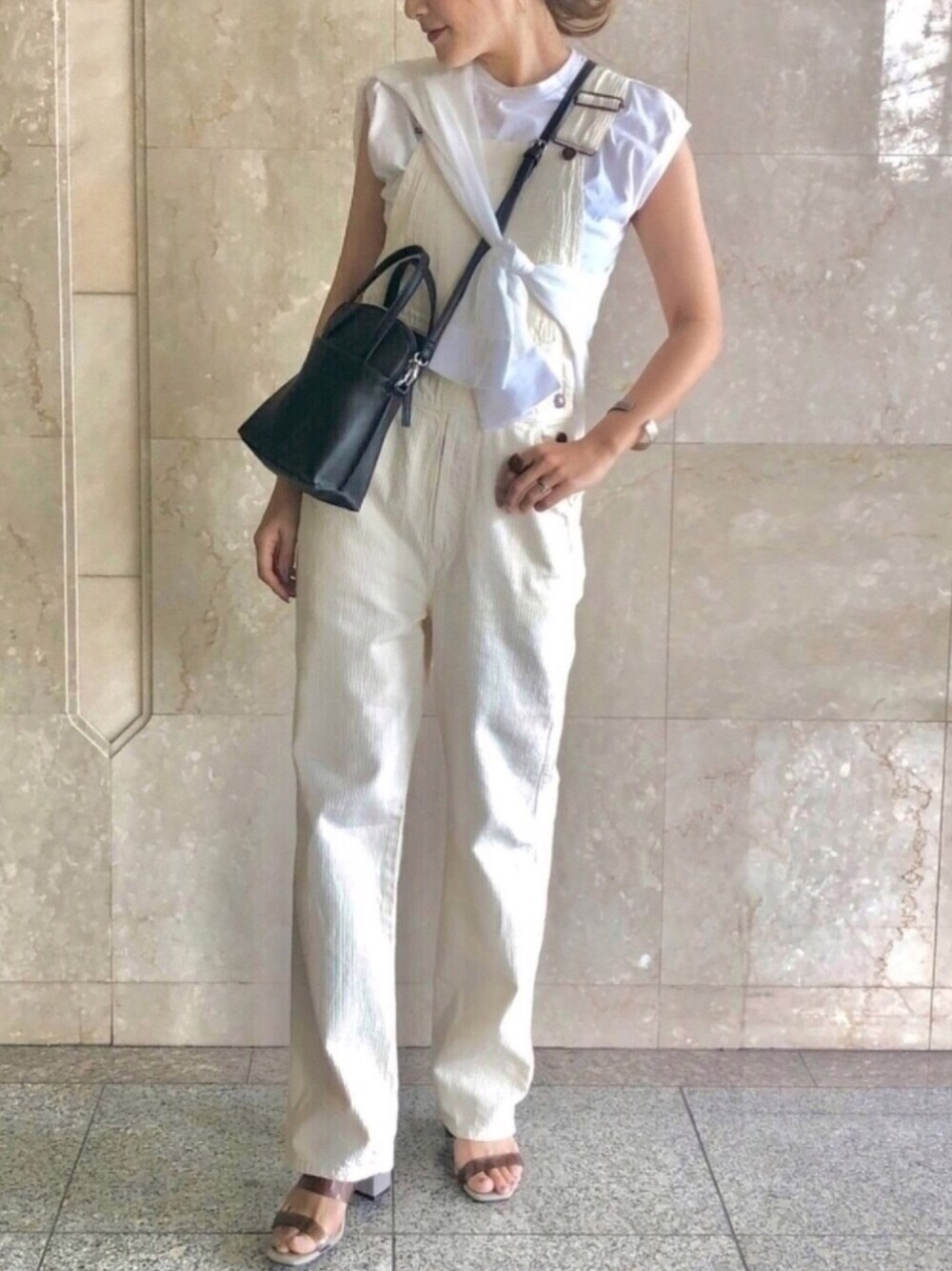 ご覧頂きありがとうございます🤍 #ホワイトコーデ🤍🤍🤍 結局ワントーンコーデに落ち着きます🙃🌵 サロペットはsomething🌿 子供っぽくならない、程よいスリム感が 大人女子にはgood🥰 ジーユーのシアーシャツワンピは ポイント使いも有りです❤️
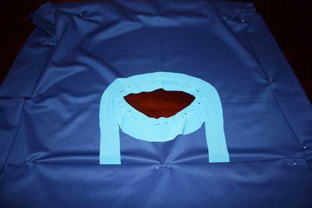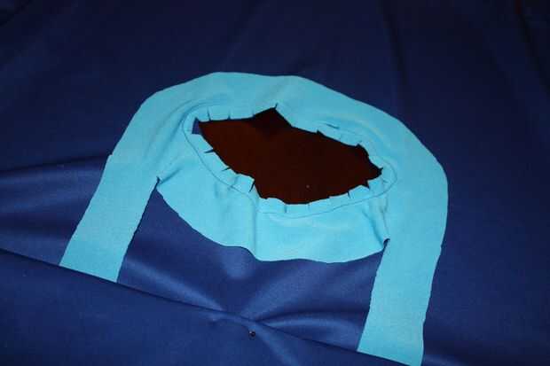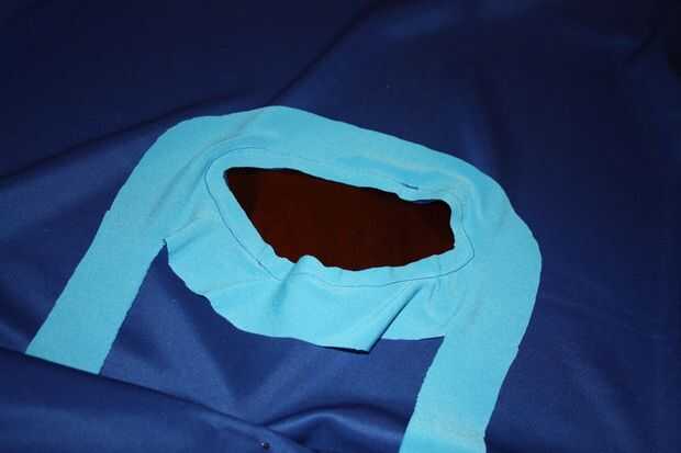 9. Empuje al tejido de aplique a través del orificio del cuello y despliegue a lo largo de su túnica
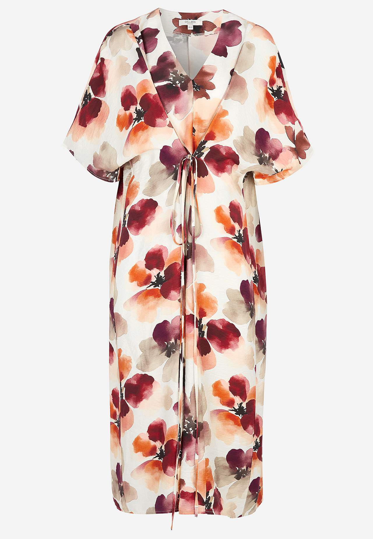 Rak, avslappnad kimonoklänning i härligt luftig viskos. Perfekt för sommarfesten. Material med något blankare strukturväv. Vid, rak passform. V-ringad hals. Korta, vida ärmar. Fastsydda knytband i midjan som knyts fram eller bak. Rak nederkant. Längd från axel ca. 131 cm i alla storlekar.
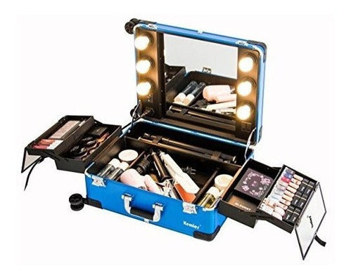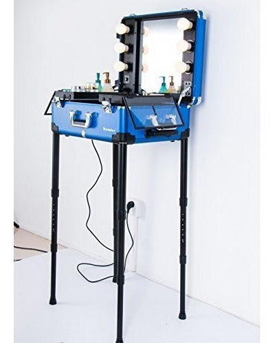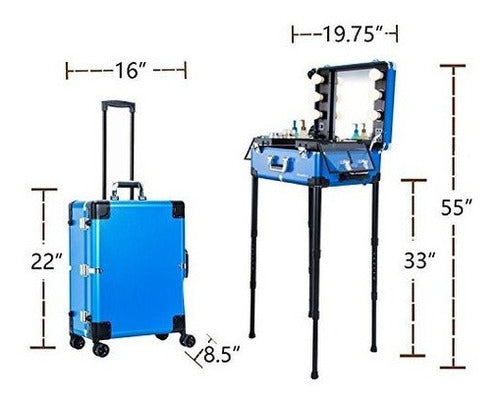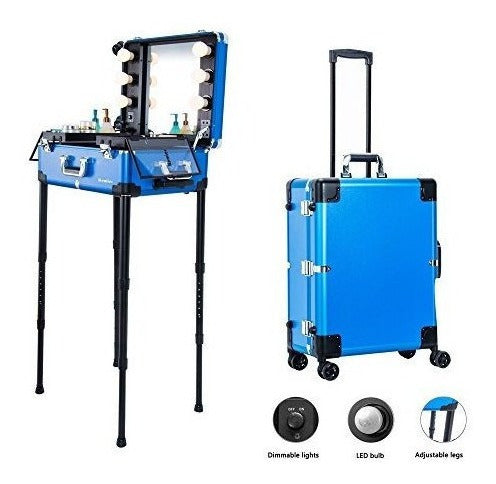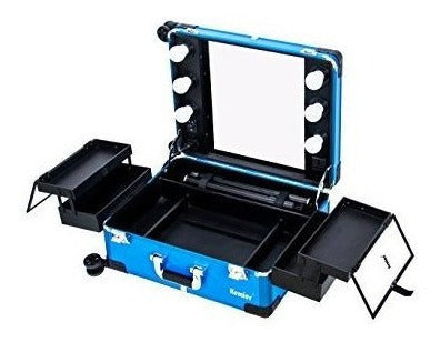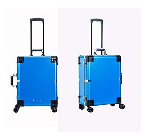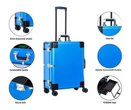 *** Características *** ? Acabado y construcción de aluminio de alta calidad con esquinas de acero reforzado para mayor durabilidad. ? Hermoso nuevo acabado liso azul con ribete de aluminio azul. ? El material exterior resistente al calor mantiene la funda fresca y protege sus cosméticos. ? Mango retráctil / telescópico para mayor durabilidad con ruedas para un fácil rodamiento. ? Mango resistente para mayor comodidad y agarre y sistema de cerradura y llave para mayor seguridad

☆ ☆ ☆ ☆ ☆ ☆ ☆

== Problem ==
With the pictures removed, return the listing above in its exact original wording.

== Response ==
 ご覧頂きありがとうございます🤍 #ホワイトコーデ🤍🤍🤍 結局ワントーンコーデに落ち着きます🙃🌵 サロペットはsomething🌿 子供っぽくならない、程よいスリム感が 大人女子にはgood🥰 ジーユーのシアーシャツワンピは ポイント使いも有りです❤️
 9. Empuje al tejido de aplique a través del orificio del cuello y despliegue a lo largo de su túnica
 Rak, avslappnad kimonoklänning i härligt luftig viskos. Perfekt för sommarfesten. Material med något blankare strukturväv. Vid, rak passform. V-ringad hals. Korta, vida ärmar. Fastsydda knytband i midjan som knyts fram eller bak. Rak nederkant. Längd från axel ca. 131 cm i alla storlekar.
 *** Características *** ? Acabado y construcción de aluminio de alta calidad con esquinas de acero reforzado para mayor durabilidad. ? Hermoso nuevo acabado liso azul con ribete de aluminio azul. ? El material exterior resistente al calor mantiene la funda fresca y protege sus cosméticos. ? Mango retráctil / telescópico para mayor durabilidad con ruedas para un fácil rodamiento. ? Mango resistente para mayor comodidad y agarre y sistema de cerradura y llave para mayor seguridad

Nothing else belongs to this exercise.